- What you should do -
In your copy of the entries below, keep every word exactly and leave out all images.

*** Begin section ***

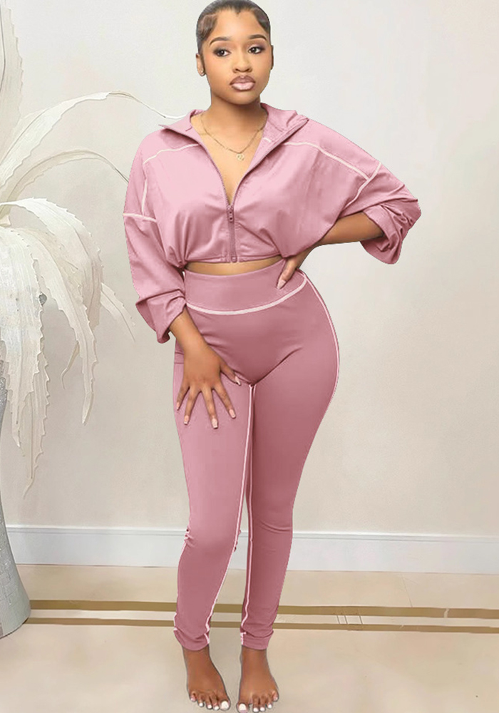 Women’s Fashion Solid Color Sexy Zipper V-neck Long-sleeve Two-piece Pants Set
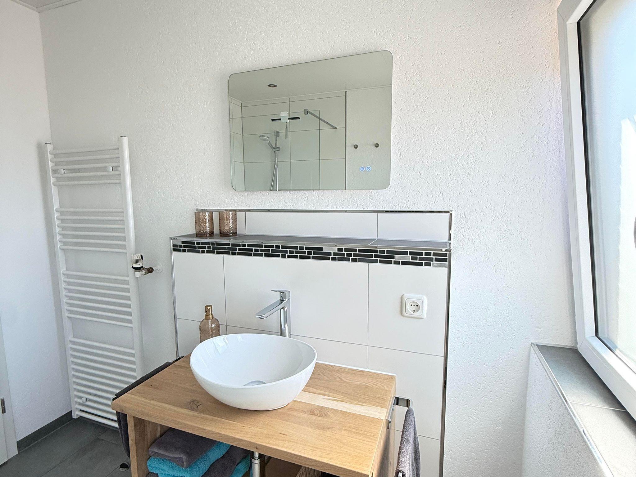 1 Schlafzimmer mit Zustellbett (ausziehbarer Sessel), 1 Wohn-Schlafraum (Federkern-Ausziehsofa), LED-SAT-TV, Radio, Wlan, Küche, DU/WC, Balkon
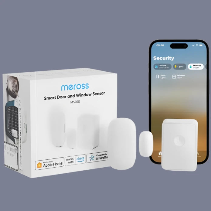 Enhance the security of your home with the Meross HomeKit WiFi Smart Door Sensor, a versatile window and door open/closed detector. Seamlessly compatible with HomeKit, Google Assistant, Alexa, and SmartThings, this sensor provides smart home security and protection.
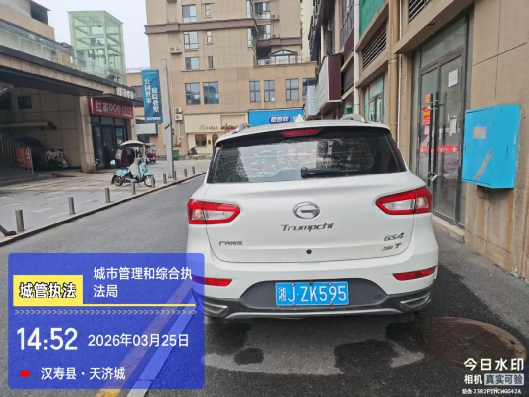 湘JZK595于2026年3月25日在天济城不按规定停车。
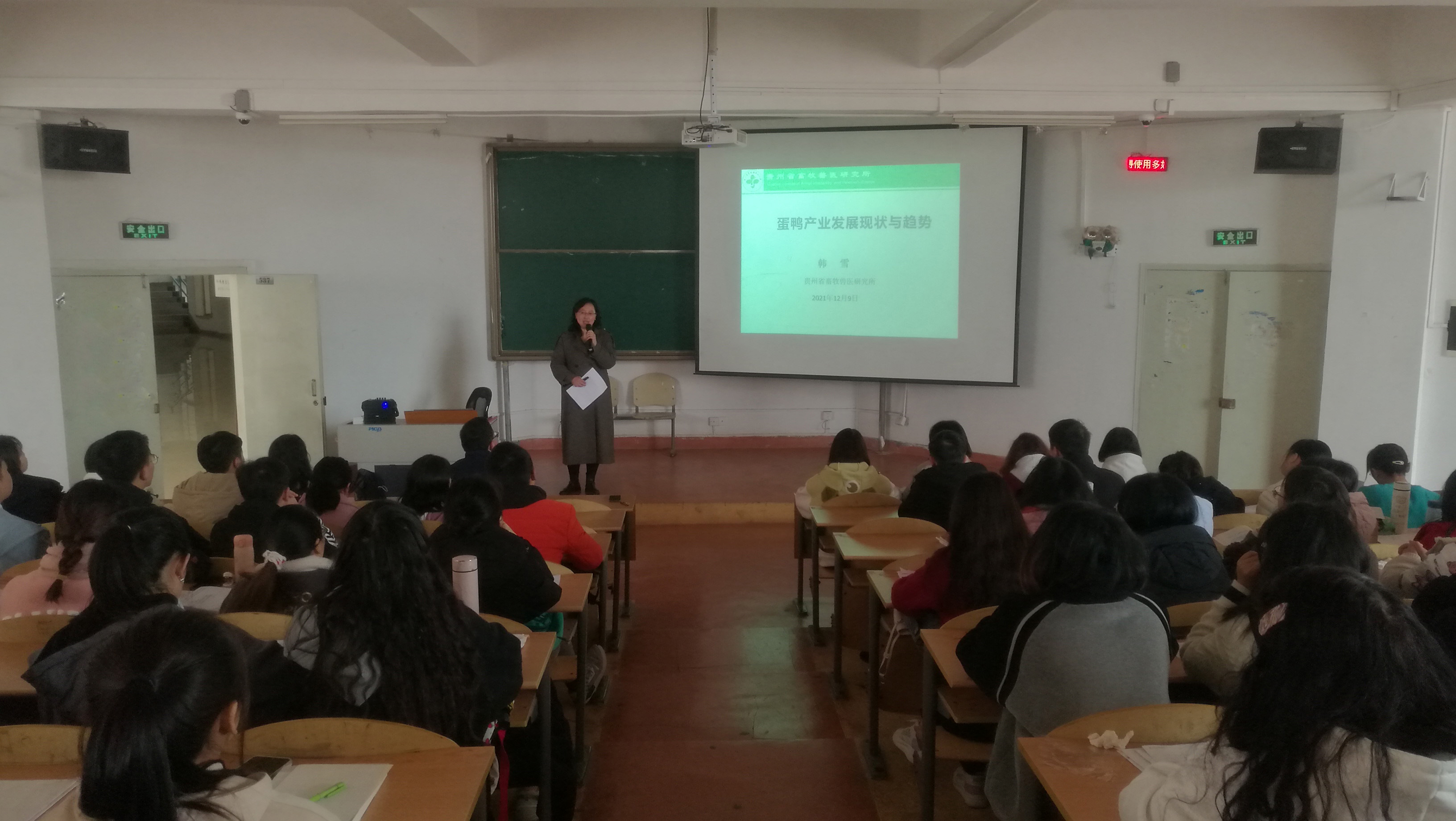 为促进威廉williamhill体育应用生物科学专业员工更好地了解专业就业前景和职业规划,关注产业发展,增强科学素养,提升员工专业自信及创新能力,12月9日,公司邀请贵州省畜牧兽医研究所家禽研究室副主任、高级畜牧师韩雪于宁静楼537开展“蛋鸭产业发展现状及趋势”专题讲座。贵州省畜牧兽医研究所办公室主任王胤晨,威廉williamhill体育经理刘讯、教学科研科科长吴超,2019级、2020级及2021级应用生物科学专业全体员工参加讲座,讲座由吴超主持。

*** End section ***

- Solution to this task -
 Women’s Fashion Solid Color Sexy Zipper V-neck Long-sleeve Two-piece Pants Set
 1 Schlafzimmer mit Zustellbett (ausziehbarer Sessel), 1 Wohn-Schlafraum (Federkern-Ausziehsofa), LED-SAT-TV, Radio, Wlan, Küche, DU/WC, Balkon
 Enhance the security of your home with the Meross HomeKit WiFi Smart Door Sensor, a versatile window and door open/closed detector. Seamlessly compatible with HomeKit, Google Assistant, Alexa, and SmartThings, this sensor provides smart home security and protection.
 湘JZK595于2026年3月25日在天济城不按规定停车。
 为促进威廉williamhill体育应用生物科学专业员工更好地了解专业就业前景和职业规划,关注产业发展,增强科学素养,提升员工专业自信及创新能力,12月9日,公司邀请贵州省畜牧兽医研究所家禽研究室副主任、高级畜牧师韩雪于宁静楼537开展“蛋鸭产业发展现状及趋势”专题讲座。贵州省畜牧兽医研究所办公室主任王胤晨,威廉williamhill体育经理刘讯、教学科研科科长吴超,2019级、2020级及2021级应用生物科学专业全体员工参加讲座,讲座由吴超主持。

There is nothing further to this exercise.